The school recently added a new resource for students, a sensory path, which is the first of its kind in the Athens City Schools system.

"A sensory path is a combination of colorful and creative activities and exercises designed to build sensory pathways, or connections, in the brain," Principal Mitzi Dennis said.

It allows children to develop motor skills, including hand-eye coordination and spatial awareness, she said.

"It is designed to help students focus by calming their bodies and allowing them to become aware of their own senses and encouraging problem-solving skills," Dennis said. "These activities give students a brain break by encouraging them to step, march, tip-toe, jump, crab-crawl and trace a maze on the wall."

Special needs, others

The path was the brainchild of Brianne Hargrove, AIS teacher of Special Opportunities for Adolescent Readiness, or SOAR. She told The News Courier she wanted it for her special needs students, but it also works for other students.

Although a sensory path is not a new concept, Hargrove loved the idea and realized it could benefit many students in multiple ways, Dennis said.

“It is not just for students in my self-contained classroom," Hargrove said. "Everyone needs a break sometimes, and this is a wonderful way to do so. It not only helps them refocus and return to a more pleasant state of mind, but it also gives them an opportunity for self-reflection and independence with their emotions. I have already experienced significant changes in student morale and cannot wait to see more improvement as we continue to benefit from this magnificent resource."

Dennis said the sensory path has been "a big hit" with all of the students at AIS.

When a student uses the path, sometimes other students stop to cheer them on.

"I envision the use of the sensory path by students and teachers will increase over time, having a positive impact on student learning," she said.

Lions' help

The sensory path was made possible by generous assistance from the Lions Club of Athens, Dennis said.

Keith Barksdale, Lions Club president, said the club paid for a package the school wanted.

"They had a package they bought on a website for special needs children," he said. "They were going to get donations for it, but we just paid for the entire package.

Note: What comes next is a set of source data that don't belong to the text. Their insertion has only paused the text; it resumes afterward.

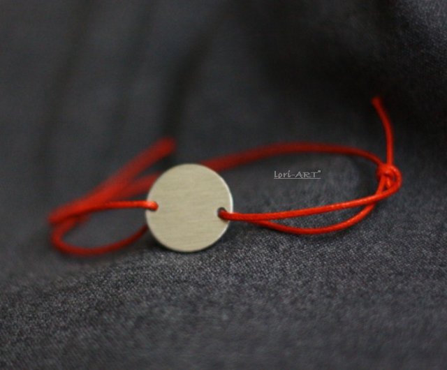 Minimalistyczna urocza bransoletka wykonana z satynowanej tarczy z aluminium (ok.18 mm) oraz woskowanego sznurka . Biżuterie wysyłam w ozdobnym bezpiecznym opakowaniu .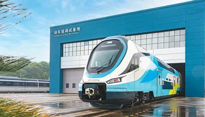 中國首列出口歐洲的雙層動車組在位于湖南省株洲市的中車株機公司下線。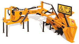 This device enables the excavation and maintenance of ditches set laterally with respect to the tractor. During the transport phase, the ditcher is positioned vertically. The lateral device can also be supplied individually for mounting on any type of ditcher. Motion is transmitted via cardan shafts. There are two models available: one makes it possible to work at a distance of 160 cm and the other at a distance on 240 cm from the center of the tractor to the center of the excavated ditch. D O N D I -salaojajyrsimet
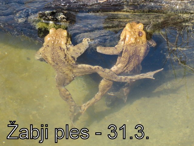 Konec marca so žabe napolnile bajer in se veselo družile. Tudi po policijski uri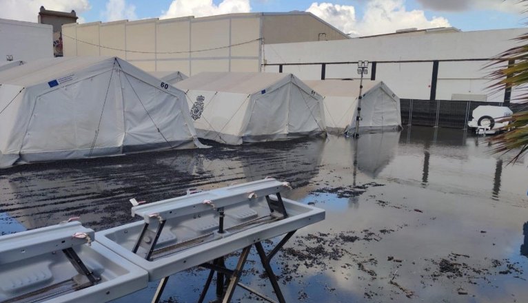 Este espacio sirve de lugar de acogida para los supervivientes de las pateras durante sus primeras 72 horas en la isla y suele inundarse con las lluvias y colapsarse con la llegada de varias embarcaciones. Sin embargo, el Ministerio del Interior ha adjudicado de emergencia la construcción de módulos para sustituir las carpas.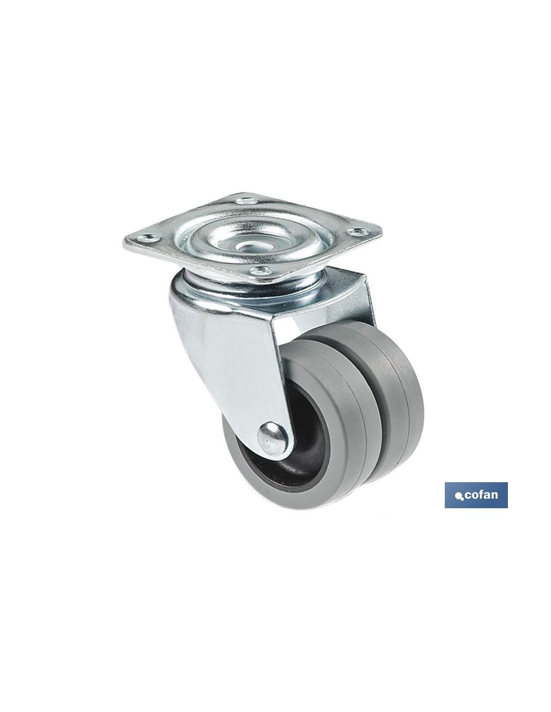 Rueda doble de diámetro Ø 50 mm con placa giratoria, resistente y diseñada para muebles pequeños, equipamientos comerciales, expositores, equipos de música, etc. La rueda ofrece la elasticidad de las ruedas de goma combinada con la resistencia y durabilidad de las ruedas de metal. Rotación de 360 grados para facilitar la rotación en cualquier ángulo. Seguridad para todos los tipos de suelo y muy silenciosa al circular por zonas rugosas.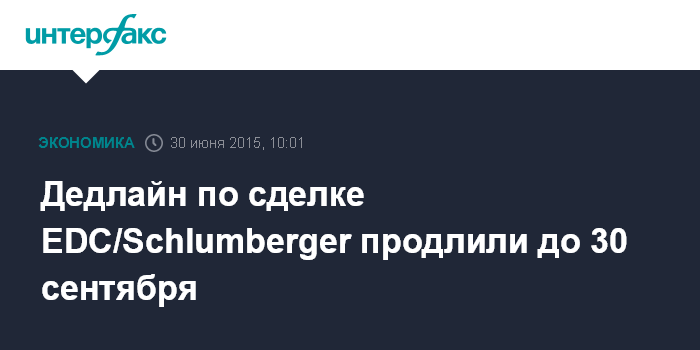 Москва. 30 июня. INTERFAX.RU – Срок сделки между нефтесервисными компаниями Schlumberger и Eurasia Drilling Company (EDC) перенесен на 30 сентября в ожидании одобрения правкомиссии по иностранным инвестициям, сообщила EDC.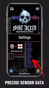 Spirit Talker Mod Apk – Communicate with the unknown. Discover words and voices using your phone’s sensors during paranormal investigations. Easy navigation and user-friendly design are key features of this game. Upon detecting an answer, the app presents the words visually in a text box accompanied by audible speech. When your paranormal session ends, a simple click of the stop button ends your interaction. Additionally, a folder button allows users to retrospectively explore the responses received during their session. However, this function is only accessible when the scanner has stopped, adding a practical touch to the game’s design.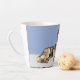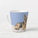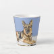 Esta taza de café con leche presenta una magnífica pintura de un perro pastor alemán o alsaciano reclinable. Esto sería un regalo perfecto para un amante del perro, y perfecto para trabajar en equipo con la misma vajilla de cocina.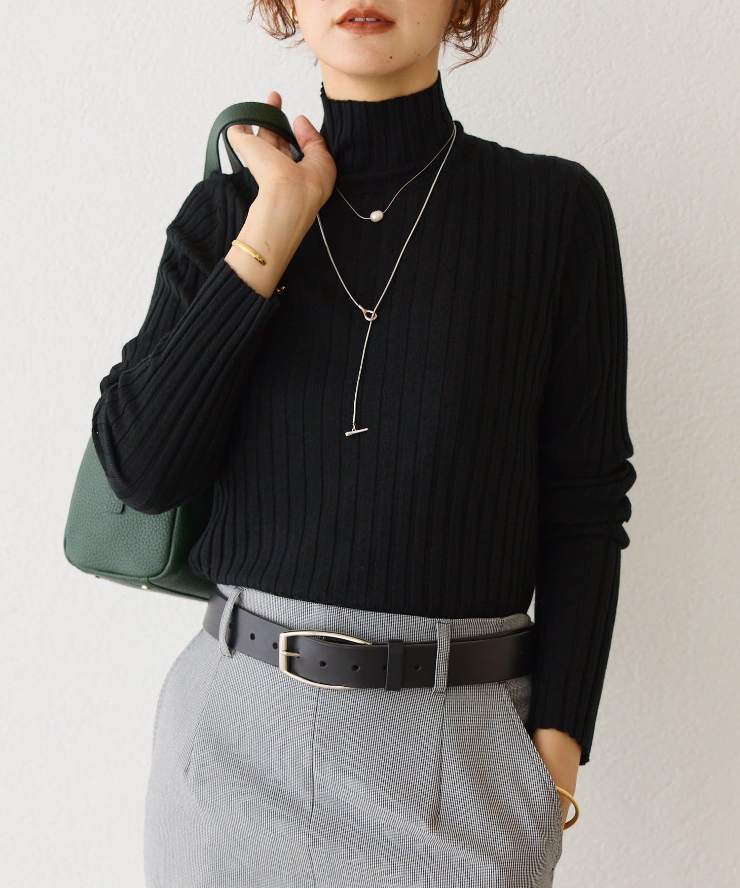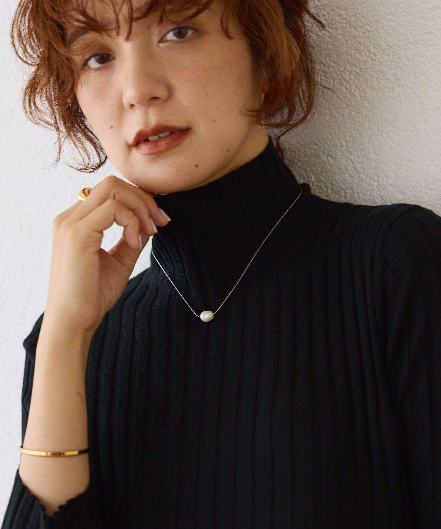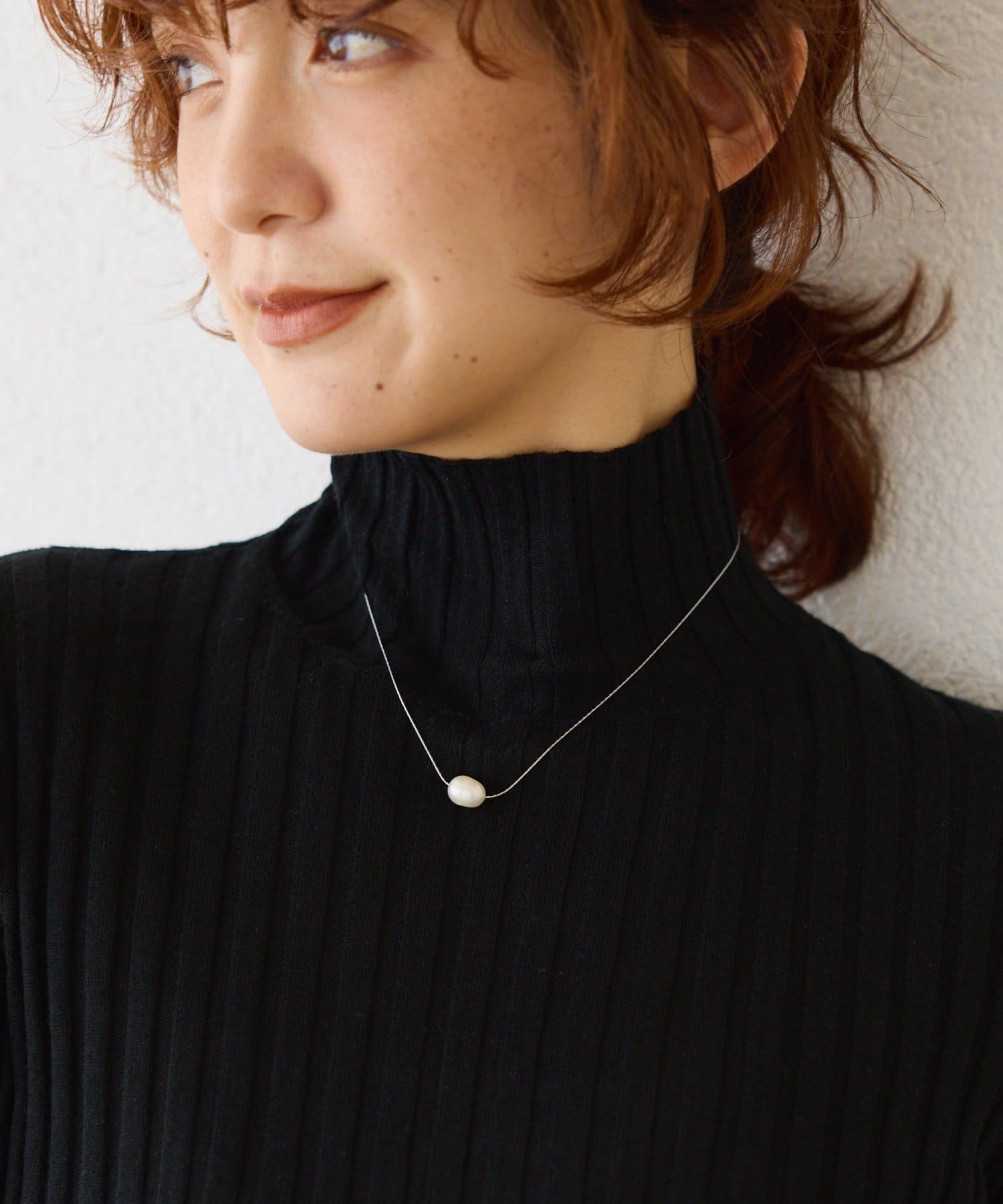 高級感ある1粒淡水のパールがポイントのショートネックレス。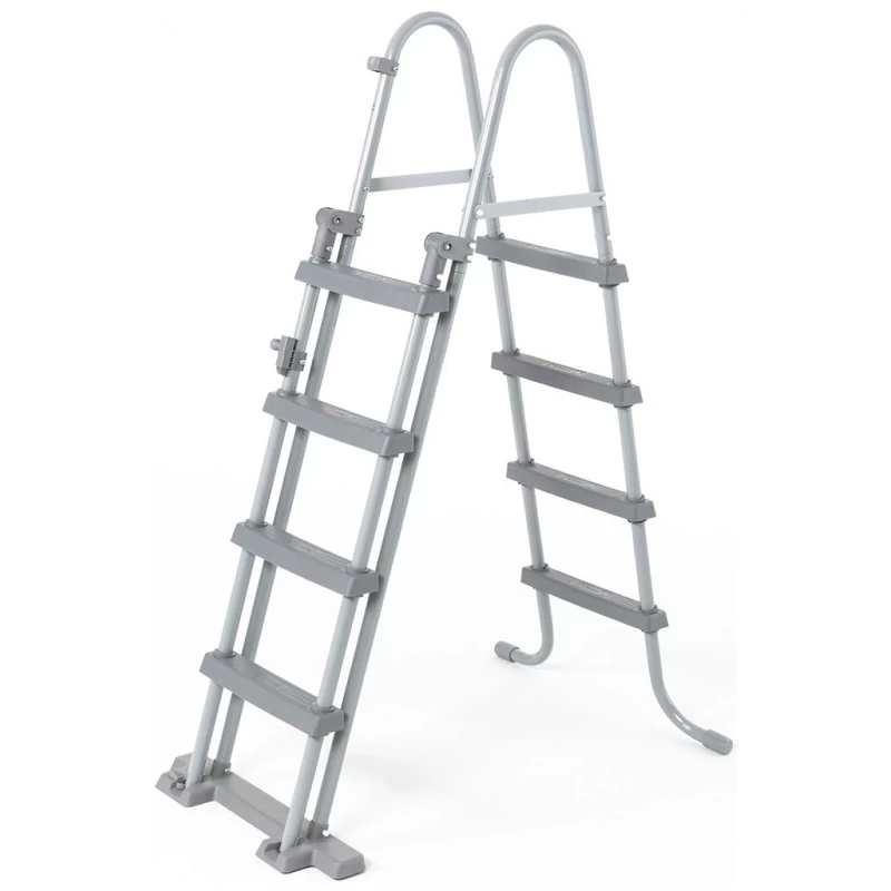 Pour garantir la sécurité de vos enfants, l’échelle est conçue avec un systeme de sécurité Flip and Lock qui empeche l’acces non surveillé a la piscine.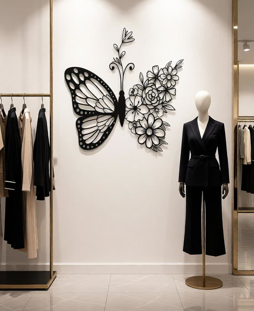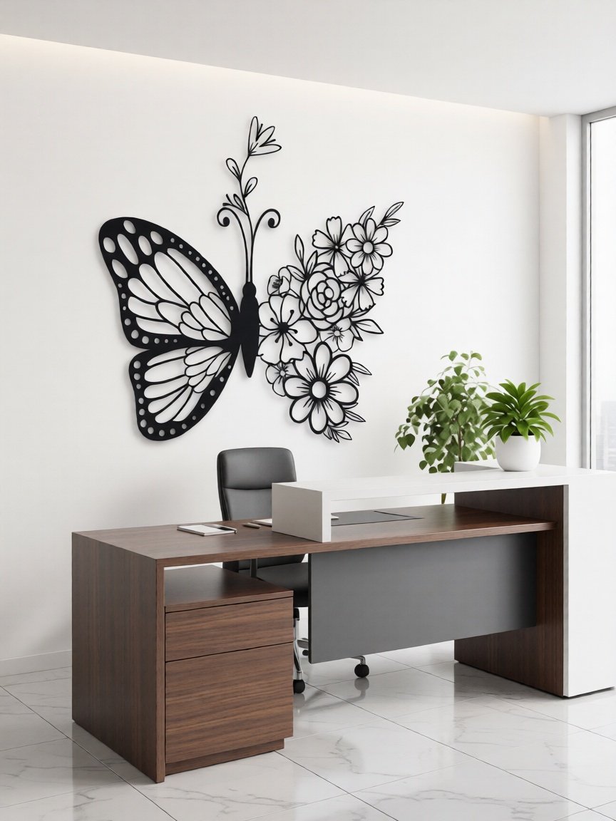 Add elegance, beauty, and artistic charm to your interiors with the Butterfly & Floral CNC Metal Wall Art. This graceful design features a delicately detailed butterfly paired with blooming floral patterns, symbolizing transformation, growth, and natural harmony. Its refined line-art style creates a soft yet striking visual statement for modern living spaces.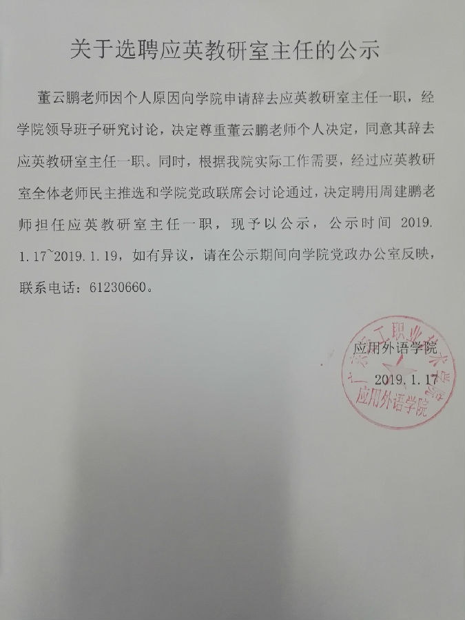 关于选聘应英教研室主任的公示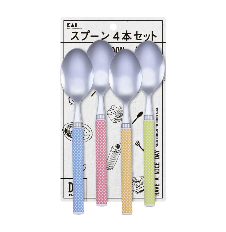 貝印 ドット柄 スプーンL 4本セット FA5175 洋食器 カトラリー 日本製 KAI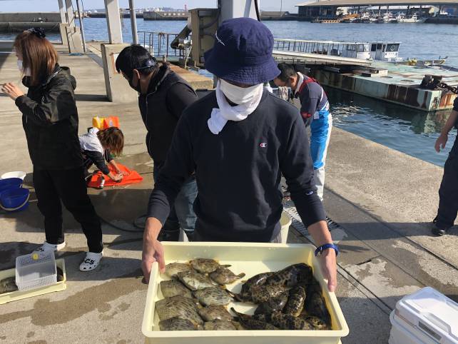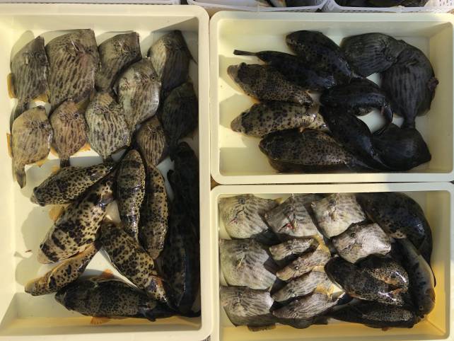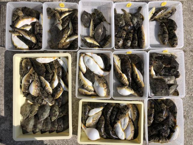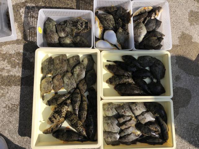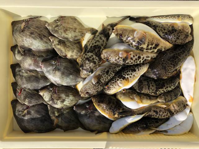 今日はエサ釣りのお客さんが多くカワハギがいい感じ~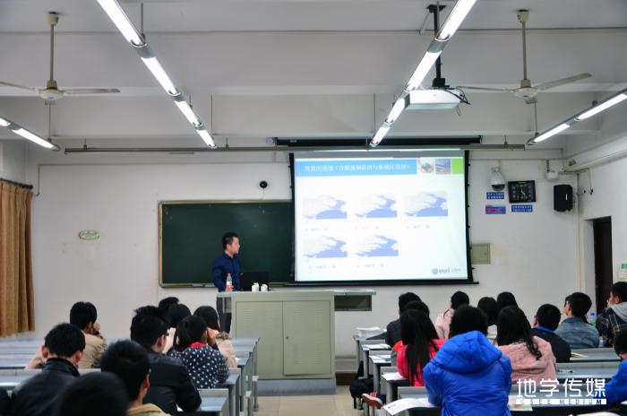 随后由高级产品咨询师白旭阳为我们做了“我们与GIS”的讲座,他说在他从事GIS十年的历程中,觉得最重要的是得有地理意识,这种意识不一定非得在课堂上学,而是贯穿于我们的生活之中。在我们身边很多冗杂的信息,我们很难提取到有用的信息,而GIS一个提取信息的有用工具。随后他举了一个从众多水库中找出目的水库的例子:偶然在网上看见某楼主晒一钓鱼的水库,但是楼主不告诉他们具体地点,他们就利用遥感匹配技术与GIS技术的结合,在四川大大小小的水库中找出与楼主所晒相近的一个,最后如愿以偿的去钓鱼。这个例子虽然就是生活中的一个小李子,但是却透漏着大智慧,一是说明GIS不是多么深奥的东西,就在我们平常的生活中都可以用得上;二是地理意识的重要性,有思维,才能找到方法解决问题。最后白博士叮嘱我们要打好编程基础,熟悉ArcGis软件,学好专业课。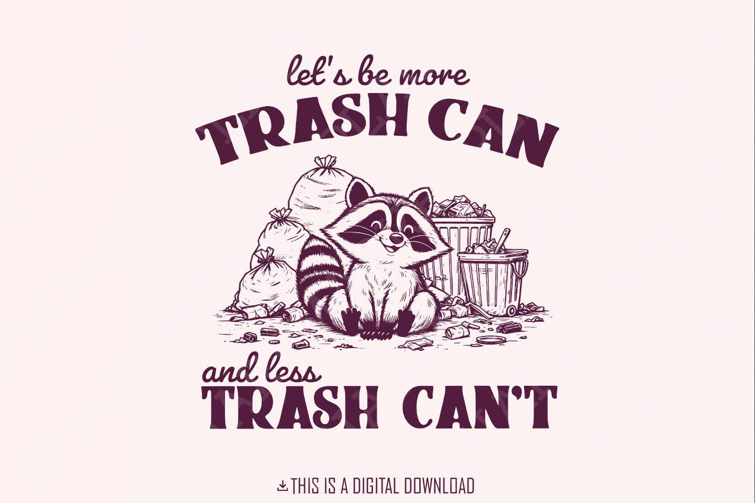 More Trash Can Less Trash Can't Funny Racoon PNG, Trash Panda PNG, Cute Racoon Digital Download Illustration

We appreciate doing that, and that's why we work on the Kiddie Carnival all year long, so we can help people with eyeglasses and eye care and other needs."

Barksdale said the sensory path is for kids having a tough time transitioning from the classroom to the lunchroom.

"Now, they just leave the classroom and turn right and follow that little path and go to the lunchroom," Barksdale said. "Before, with some of the kids, they had difficulty transitioning. But, when they go through that maze of things on the floor and the walls, it affects their thought process and calms them down so they can go to lunch and have a good time."

In addition to the floor activities, the pathway provides wall activities, such as a finger maze that a student can follow all the way through the hall and places where a student can apply pressure at various heights, he said.

"It is more difficult than it looks," Barksdale noted.

Dennis also thanked parent Deb McMurtrey for making the pathway a reality.